31 January 2020

Joëlle Désiré Marchand: Alexandra David-Néel, passeur pour notre temps (2016)

Joëlle Désiré Marchand's biography on Alexandra David-Néel is most probably the best on this amazing explorer and writer, although perhaps not the definitive one: at around 250 pages of relatively large print, there is of course much unmentioned, but then David-Néel herself wrote her own stories, frequently sending later published details of her activities back to her amazingly tolerant husband Philippe in her many letters from Asia.

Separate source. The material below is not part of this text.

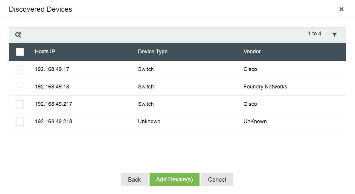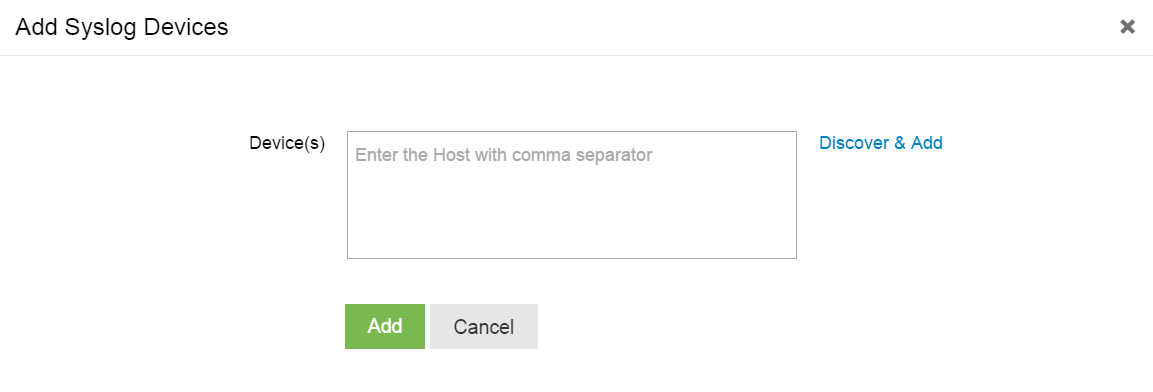 - [Syslogデバイスの追加]画面の[ディスカバリーと追加]をクリックします。IP範囲(開始IPから終了IP)またはCIDRに基づいて、ネットワーク内のSyslogデバイスを検出できます。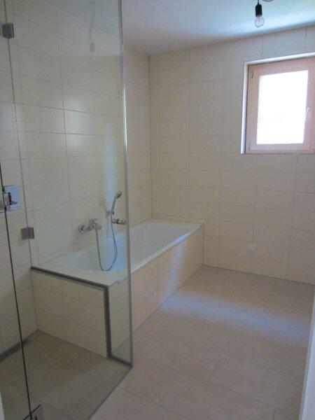 Wohnküche mit AEG Geräten; Bad mit Wanne und Dusche, Spiegelschrank, Waschmaschinenanschluss, WC; separates WC mit Handwaschbecken; Balkon mit 9,75 m² (Betonplatten) und Abstellraum; Außenrollos (elektrisch); Terrasse mit Kalksteinplatten, Gang mit Gegensprechanlage und Sicherheitstüre, alle Wohn- und Schlafräume mit Parkett, Telekabelanschluss; Die Wohnräume sind mit schönem Parkettboden, die Sanitärräume sauber verfliest.

Alexandra (or Louise-Eugénie-Alexandrine) David was born in Saint-Mandé in 1868, then on the outskirts of Paris. Six years later her family moved to Ixelles, Belgium, where such exiles as Élisée Reclus and Jules Verne's publisher Jules Hetzel lived. Her father was journalist (and former teacher) Louis and her mother the Belgian-born Alexandrine. Alexandra's parents were very different from each other, and hardly an inspiration to her, although Louis's anarchist friend Élisée was a major influence: he wrote the Preface to Alexandra David's anarchist Pour la vie (1898).

Alexandra David grew up exploring the area's Bois de la Cambre, later venturing further out as her passion for travel grew, as did her interest in things intellectual, such as Buddhism in particular, theosophy, and feminism. Although she began her working life as a soprano, it was with more than a little surprise to some, though, that in 1904 she married the engineer Philippe Neel [sic], who was to fund many of Alexandra's future journeys in what amounts to an extraordinary relationship in which she refused, in spite of a number of pleas, to divorce him.

This book is the obvious fruit of much research, delving into Alexandra David Néel's long journeys. The fourteen-year-long journey through India, Tibet and the forbidden city of Llasa – making her the first western woman ever to do so – is a stunning tale of a trek in sub-zero conditions, often without food and worn-out footwear, open to human predators and the frequent threat of death. All this was achieved with her faithful young 'servant' Aphur Yongden, whom she adopted as a son and brought back to France, where she set up home in Digne-les-Bains, where her house is now a museum dedicated to her: she died at the age of 101 in 1969, almost thirty years after her husband.

The book, in less detail, goes on to chart more journeys by this truly remarkable woman.